A schematic depicting flow of information to estimate an AOP-based Margin of Exposure. The AOP-derived MOE is the ratio of the PBPK model-derived in vivo exposure needed for the chemical to illicit biological activity (as described by the AOP) to the chemical’s environmental exposure estimate. The steps needed for the derivation of the in vivo exposure levels are depicted using the solid lines. The dashed lines represent steps taken to estimate environmental exposure levels. An AOP is used to select chemicals and determine their toxicity potential using in vitro HTS data. The chemicals are queried for any documented tissue levels (eg, blood or urine in literature or using NHANES data). If this data are available, the PBPK model for the mother is used to reconstruct Life-Time exposure (ENV_EXPOSURE) (as was shown for PFOS). If this data is not available, elaborate exposure models such as SHEDS-HT is used to estimate environmental exposures (ENV_EXPOSURE). Similarly, using the in vitro levels in target tissue (eg, fetal blood), the AOP_EXPOSURE is constructed by the PBPK model. The AOP-based Margin of Exposure is estimated as the ratio of the AOP_EXPOSURE to ENV_EXPOSURE.

MATERIALS AND METHODS

Overall life-stage PBPK model

Physiological descriptions of life-stages for fetus, neonate, growing child, and pregnant woman were considered in the overall PBPK model (Figure 2). The inclusion of the life-stages was intended for the purpose of estimating maternal blood levels during pregnancy as a result of lifetime exposure to chemicals suspected of bioaccumulation to varying degrees. The life-stage PBPK model was applied by assuming initial blood levels of the chemicals to be negligible for a neonate at birth. Afterwards, model simulations starts by considering increasing chemical oral intake rate based on increasing bodyweight of a neonate and continues until adulthood and during pregnancy (conception was assumed to occur at age 25 years). During pregnancy, the model is extended to include a fetal PBPK submodel to predict in vivo chemical concentrations in fetal blood.

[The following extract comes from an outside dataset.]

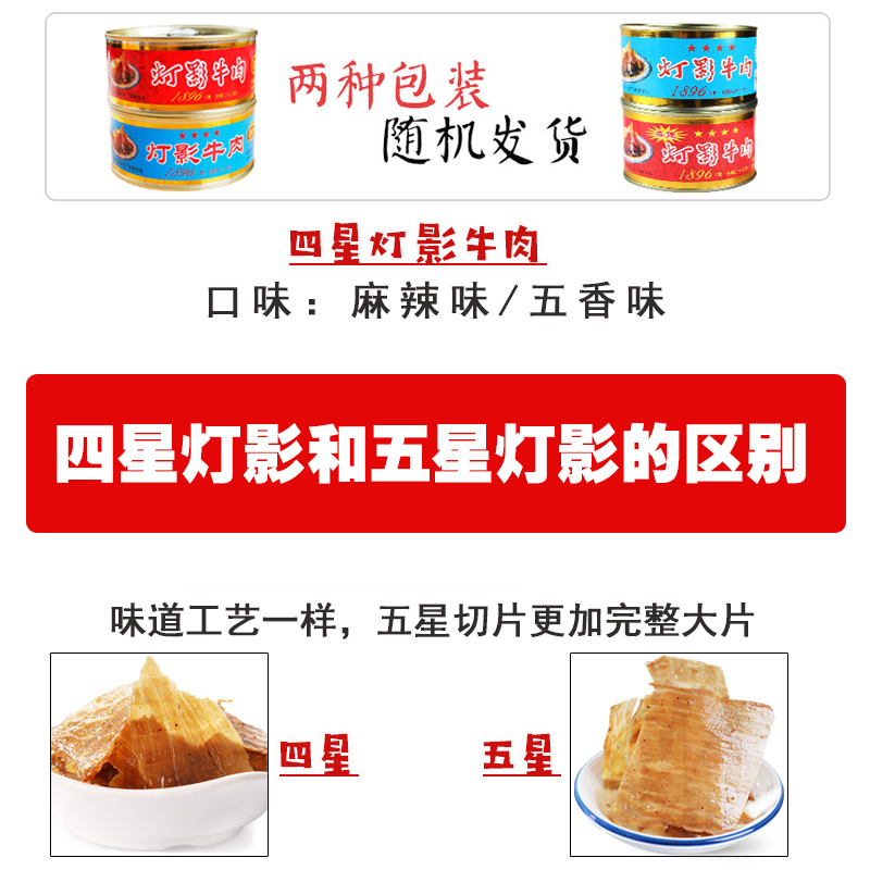 Sichuan Dazhou specialty Laodazhou four-star light shadow beef jerky slices 80g canned spiced spicy snacks

For every life-stage, the predicted blood concentrations can be related to in vitro dose–response data obtained from HTS assays in view of the AOP of concern

FIG. 2.

FIG. 2

Schematic of the Life-Stage PBPK Model compartments and time line. Growing child is modeled using a PBPK model until conception (assumed at age 25). The PBPK model is then converted to a pregnancy one and included a fetal sub-model. The fetal sub-model illustrates the directions of blood flow as the chemical(s) is distributed to fetal tissues with descriptions for shunts (ductus venosus DV, and ductus arteriosus DA) and the foramen ovale (FO) in the heart. Influence of the shunts and FO is reduced until they disappear as the fetus is born and the submodel continues to describe a neonate.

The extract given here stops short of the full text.